What the exercise asks ▸ After finding "Highly carved PreColumbian" in the data, write out its line and all following lines without change, up to and including the last one. Leave out pictures.

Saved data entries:
*** Block opens ***
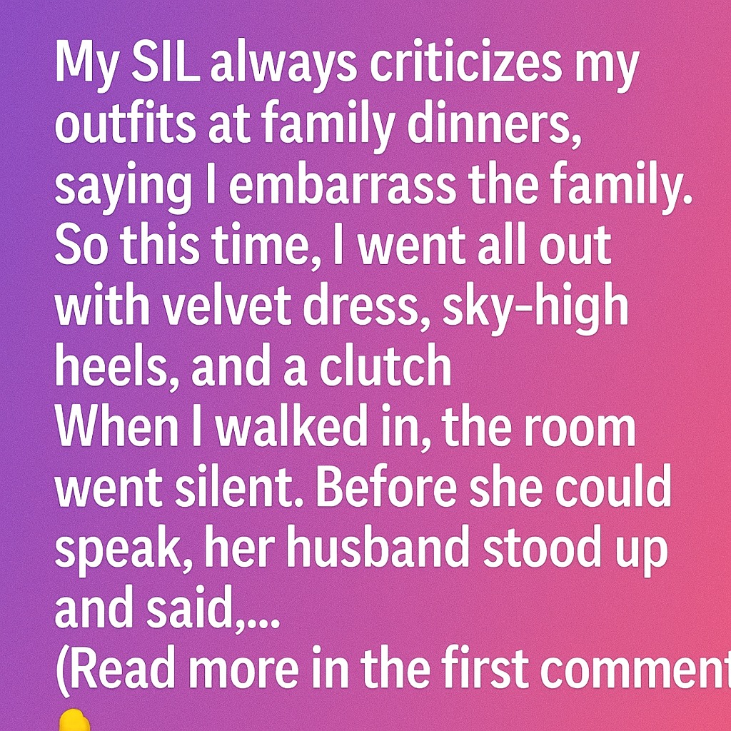My sister-in-law always had something to say about my outfits at family dinners.“They embarrass the family,” she would whisper just loud enough for me to hear.At first, her words stung. I started second-guessing what I wore, even when I loved it. But one day I realized: confidence speaks louder than criticism. So for the next…
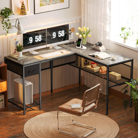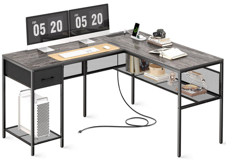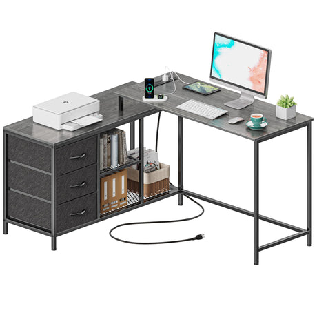 L Shaped Desk with Power Outlets, Computer Desk with Drawer, Reversible Corner Desk wi
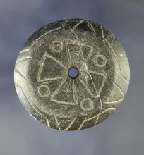 Highly carved PreColumbian 2 7/16" Diameter Hardstone Drilled Spindle Whorl or Bead |
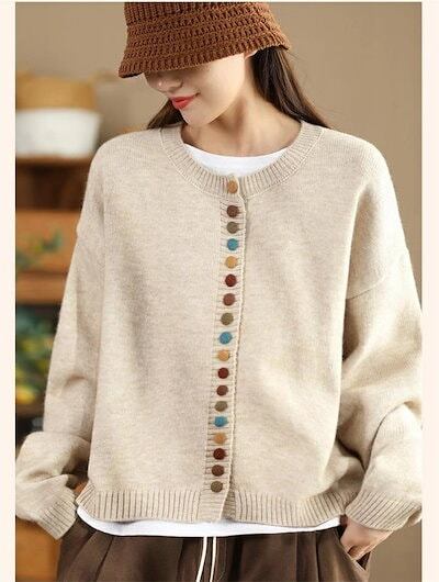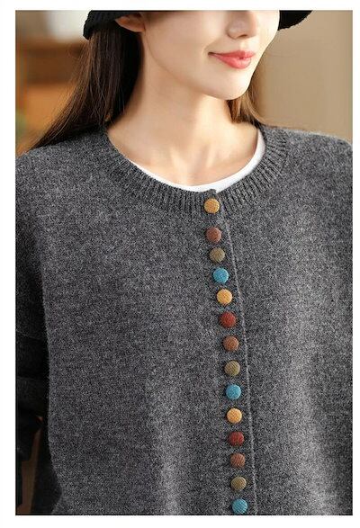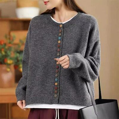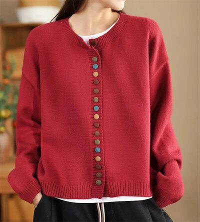 ニットカーディガン デザインのボタン レディース 春秋 長袖 ニット アウター 大きいサイズ ゆったり 前開き カーディガン トップス ゆるカーデ 羽織 上品 暖か 厚手 ふわふわ キレイめ ゆったり
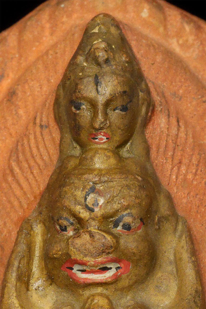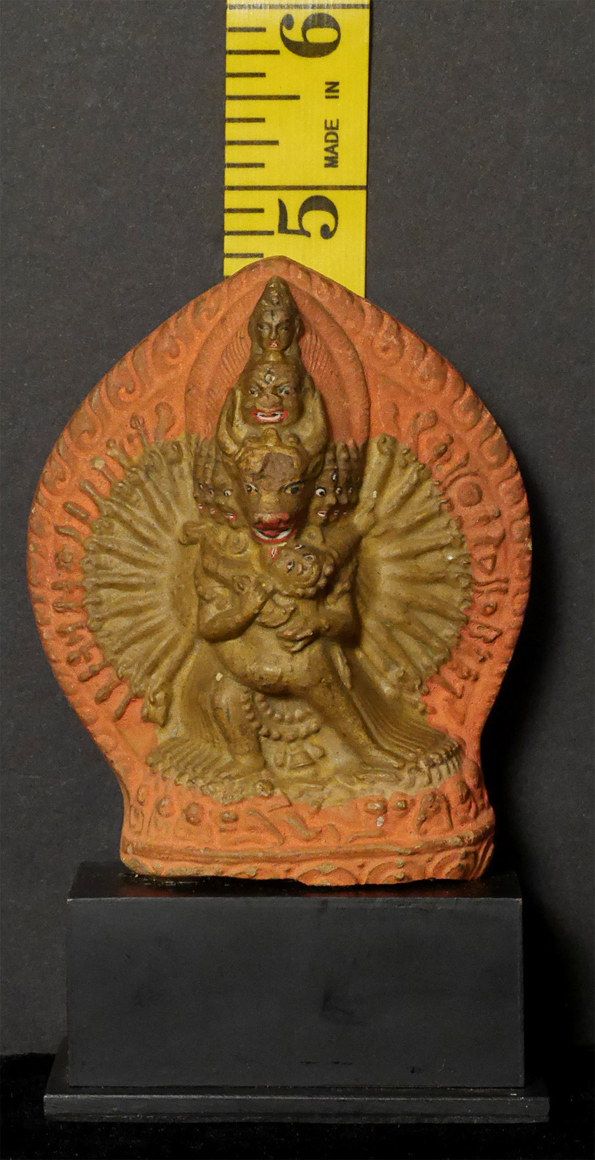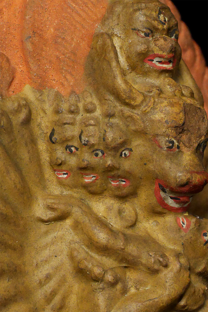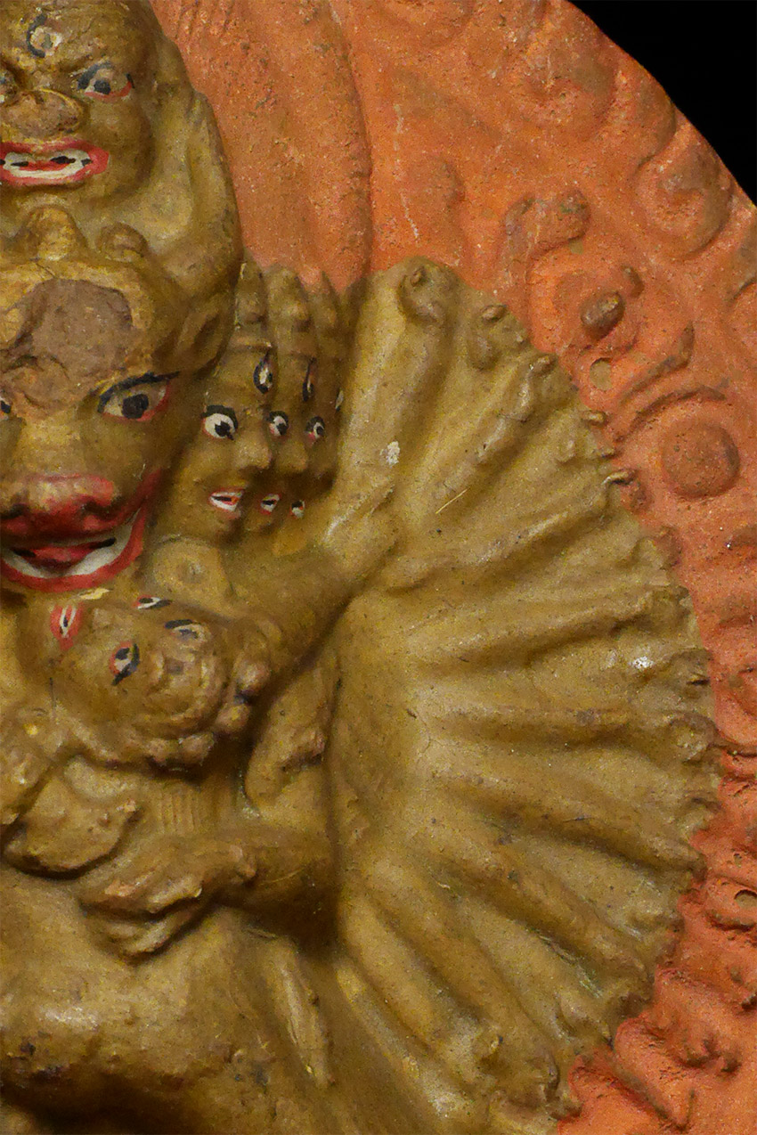 Old Mongolian Clay Tablet of Yamantanka and Consort. 3 3/8 inches tall, 4 5/8 inches on attached base. The condition is as shown in photos. Acquired from a very large Australian collection mostly put together 20+ years ago.
*** Block closes ***
Response box ▸
 Highly carved PreColumbian 2 7/16" Diameter Hardstone Drilled Spindle Whorl or Bead |
 ニットカーディガン デザインのボタン レディース 春秋 長袖 ニット アウター 大きいサイズ ゆったり 前開き カーディガン トップス ゆるカーデ 羽織 上品 暖か 厚手 ふわふわ キレイめ ゆったり
 Old Mongolian Clay Tablet of Yamantanka and Consort. 3 3/8 inches tall, 4 5/8 inches on attached base. The condition is as shown in photos. Acquired from a very large Australian collection mostly put together 20+ years ago.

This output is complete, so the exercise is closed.